Fushi Copperweld. On November 3, Fushi Copperweld announced that CEO Li Fu and Abax Global Capital had proposed taking the company private at $11.50 cash. As expected, Fushi’s stock bounced.
Then, on March 1, Fushi announced that it had hired BofA as its advisor for the proposed deal, adding, “No assurance can be given that the proposal, or any other transaction, will be consummated.”
Comes March 11 and (oops!) Fushi announced that it “was reevaluating the application of generally accepted accounting principles ("GAAP") in certain accounting treatments applied to its 2007, 2008, and 2009 financial results as well as its previously filed quarterly financial statements for the first three quarters of 2010.” (Its stock has continued to sink.)
China Fire & Security. On March 7, China Fire & Security Group said it had received a “non binding” letter from a “leading global private equity firm” with a proposal to take the company private at a price that “represents a premium to the current stock price.” (Teases like that — with buzzwords like "leading" player without mentioning a name and "premium" price without a number — are always red flags, not to mention, in my opinion, bush league.)
Its stock, rising in days before the announcement, ended at 25% above its February lows on the announcement before falling back to pre-deal levels.
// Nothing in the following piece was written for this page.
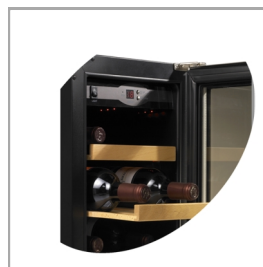
Tablettes à tiroir en bois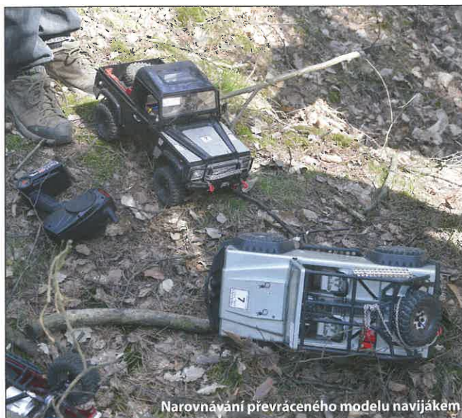
Narovnávání převráceného modelu navijákem

China Security and Surveillance. Then there’s China Security and Surveillance, whose accounting and ownership structure has been in-and-out of the spotlight over the years: In January its CEO, Guoshen Tu sent the company a letter saying he was thinking about submitting a proposal to take the company private at a price not above $6.50 a share — a fraction of what it once was. Then, on March 8, Tu submitted a formal proposal. Its stock popped from around $4 to $5, before settling back.
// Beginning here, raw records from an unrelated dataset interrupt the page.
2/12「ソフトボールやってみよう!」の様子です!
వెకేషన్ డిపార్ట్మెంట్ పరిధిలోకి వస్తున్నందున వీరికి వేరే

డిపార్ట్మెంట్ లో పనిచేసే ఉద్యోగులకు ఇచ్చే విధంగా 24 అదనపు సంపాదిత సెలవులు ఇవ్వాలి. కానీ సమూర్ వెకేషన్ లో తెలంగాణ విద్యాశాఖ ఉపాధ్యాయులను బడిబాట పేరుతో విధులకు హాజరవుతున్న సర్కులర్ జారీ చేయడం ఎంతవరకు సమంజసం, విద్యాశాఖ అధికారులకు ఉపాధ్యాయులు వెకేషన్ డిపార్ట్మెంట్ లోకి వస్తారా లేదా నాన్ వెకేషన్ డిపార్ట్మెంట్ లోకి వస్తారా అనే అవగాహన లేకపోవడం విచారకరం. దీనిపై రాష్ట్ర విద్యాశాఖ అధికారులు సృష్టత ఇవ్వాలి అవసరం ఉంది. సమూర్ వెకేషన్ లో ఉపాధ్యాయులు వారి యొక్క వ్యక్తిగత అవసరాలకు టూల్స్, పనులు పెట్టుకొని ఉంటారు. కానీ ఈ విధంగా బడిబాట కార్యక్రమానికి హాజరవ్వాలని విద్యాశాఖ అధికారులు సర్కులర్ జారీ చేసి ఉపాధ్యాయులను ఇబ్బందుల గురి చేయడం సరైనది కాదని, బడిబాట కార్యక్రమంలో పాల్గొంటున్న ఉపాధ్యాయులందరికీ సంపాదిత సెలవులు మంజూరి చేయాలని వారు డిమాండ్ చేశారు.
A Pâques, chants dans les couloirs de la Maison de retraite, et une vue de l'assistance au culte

My take: Like so much of what we’ve seen with Chinese reverse mergers and their promoters, these announcements of proposed deals appear to be designed more as a way to spark interest in a deal — hoping somebody else comes along, which may happen but doesn’t appear to be. (Plenty of desperate U.S. companies have played that game over the years, to no avail.) It’s not really that much different than a company announcing that its board has authorized a stock buyback, even though the company winds up never doing one.
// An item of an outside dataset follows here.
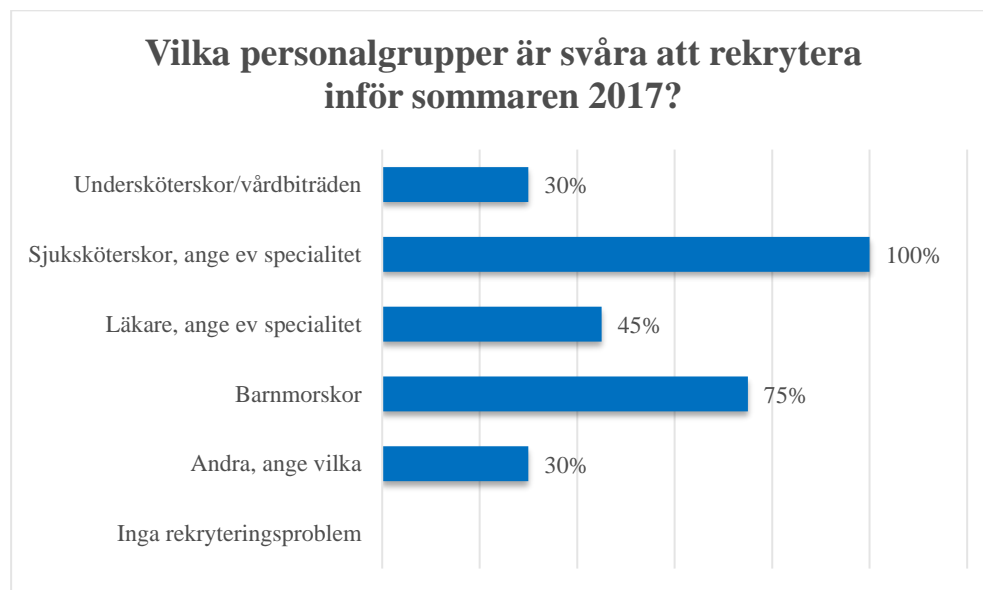
Tabell 2. Vilka personalgrupper är svåra att rekrytera inför sommaren 2017?

It’s no wonder they want to give the illusion of trying to somehow create value: A recent study by International Strategy & Investment shows that since 2005, 78 Chinese reverse mergers in the U.S. with market caps above $100 million have “sharply” underperformed their 84 Chinese IPO counterparts.
That should be of no surprise. These companies went public through the backdoor for a reason: They wouldn’t (or shouldn’t) have made it through the front door. Their share prices prove it.